A Fresh Perspective Photography is more than just a vehicle for capturing the world around me; it provides me with a palette and a set of brushes, with which I paint not only what I see, but also look to express the emotions that are evoked by the scene in front of me in that moment. Growing up in the Netherlands exposed me to a wide cross-section of visual arts that laid the foundation of my photographic view of all that surrounds me. Early influences were the Dutch Masters of the 17th century, to whom I was introduced by my grandfather during museum explorations; favorites among them are the scenes of quotidian life depicted by Jan Steen and Frans Hals and the vivid landscapes of Jacob van Ruisdael. My classical high school education was supplemented by the Boijmans Van Beuningen museum, where I spent many a lunch hour exploring its great collection. Here I was introduced to surrealism with a particular love for the approach taken by Salvador Dali; Dali also rekindled my appreciation for the work of Hieronymus Bosch, who often showed the folly of us mortals. Universal Connections My approach to any photographic subject is to look for understanding first; in this I look to establish either a connection between the viewer and the subject or capture the connection of the subject with its surroundings. The captured image then aims to portray this connection from a perspective that is part of my personal interpretation. This interpretation is often a form of externalized introspection, which may alternately display the connection of isolated beings and items with their environment or highlight the whimsy of the profound world, in which we find ourselves. The universe is full of connections, many of which are waiting to be discovered; part of my journey as a photographer is to document these connections. Any assignment, be it an event, a product shoot or a portrait session is always approached through communication with the client; this is where the first connection is established. Ideas are exchanged and a collaborative plan of action forms, ultimately resulting in a set of images that aim to exceed the expectations of each client. And, lest we forget, it is important to have fun while practicing the serious business of photography!

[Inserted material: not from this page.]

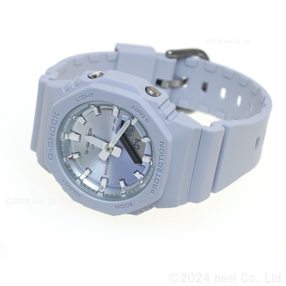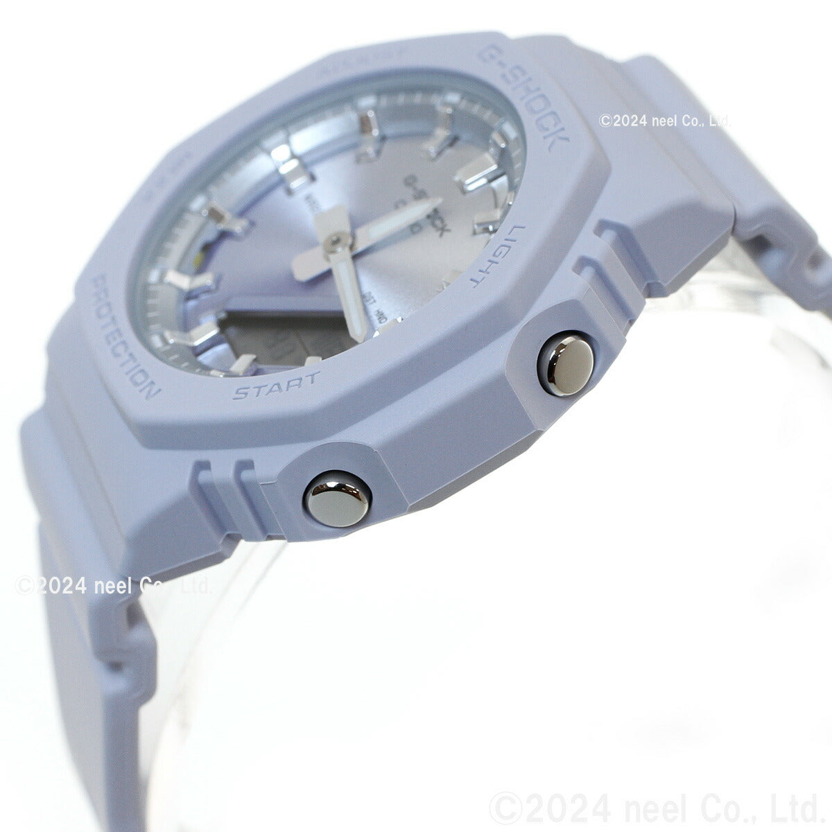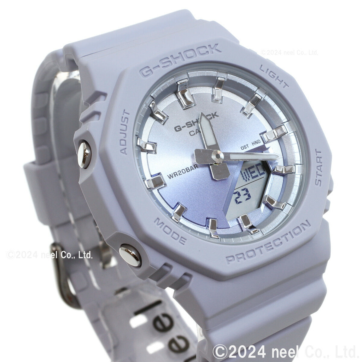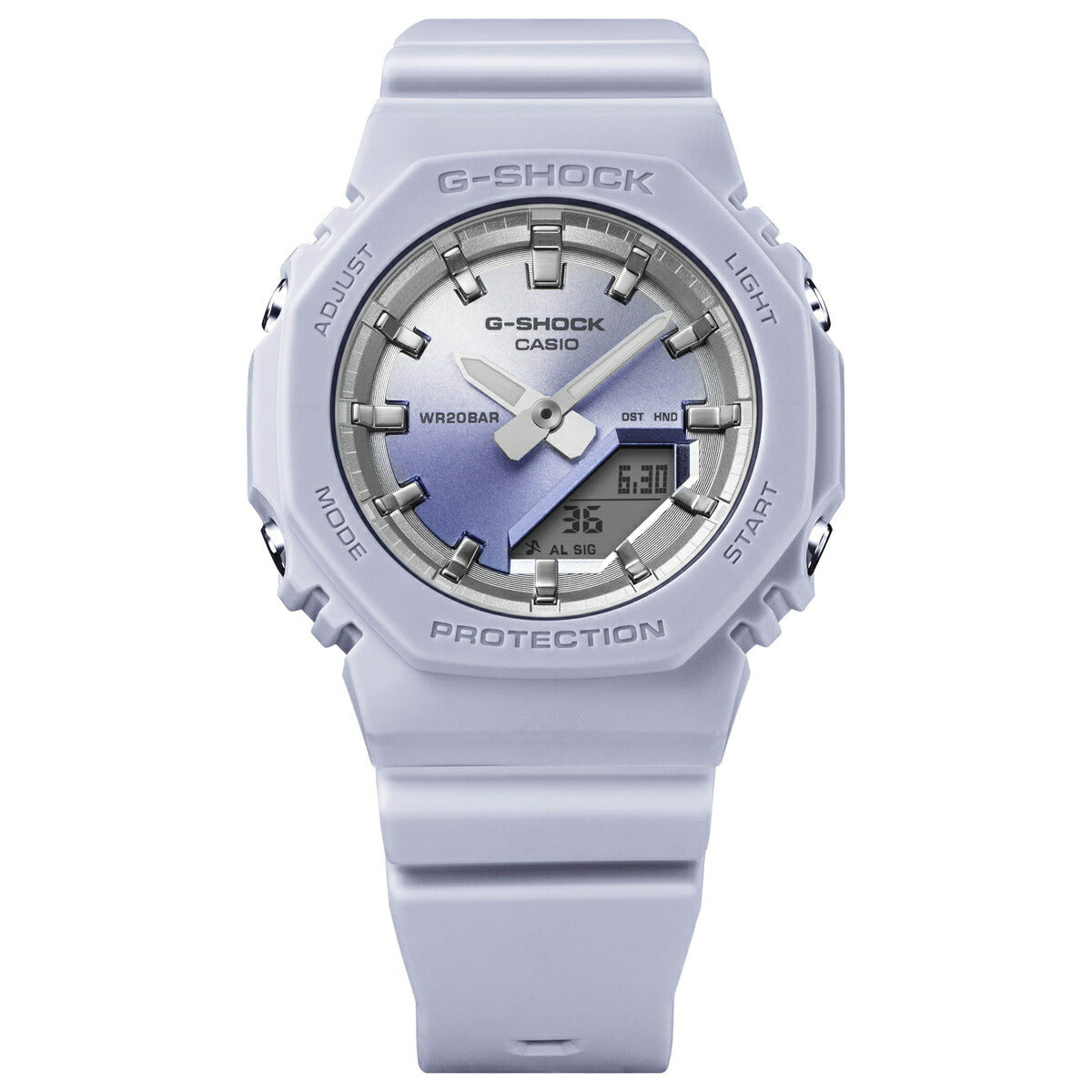 飽くなき強さを求めて進化を続けるタフネスウオッチG-SHOCKから、サンセットビーチの美しい情景をテーマにしたモデルです。夏の太陽が1日の終わりに見せる美しい輝きを、ダイアルにあしらった光沢感のあるグラデーション蒸着で表現しました。ベースモデルは、人気のデジタル・アナログコンビモデルGMA-S2100を更に小型化したGMA-P2100。バンドの長さも短くすることで、手首の細い方にもフィットするよう装着性を高めました。美錠とサイドボタンもステンレス素材を使用し、質感を高めています。シンプルでミニマルな印象になるように仕上げました。ベゼル、バンドの主な樹脂パーツにバイオマスプラスチックを採用。原料に再生可能な有機資源を使うことで、環境負荷低減への貢献が期待されています。リゾートスタイルのアクセントとして、手元に華やかさをプラスします。

102 thoughts on “Tuesday Photo Challenge – Our World”

      1. I also should mention that you gave a really interesting view of your world. I’m always amazed how boats can make for great living space. Thank you for sharing this view.

      2. Ours was only 41 feet, so we didn’t have a dining area as some of the longer narrow boats did. Wide beams are 9 to 15 feet across so bigger than our first house, and are more like floating apartments. We miss the boat sometimes, even if it was only 6′ 10″ wide. It was home, comfy, and ours. And we made a lot of friends.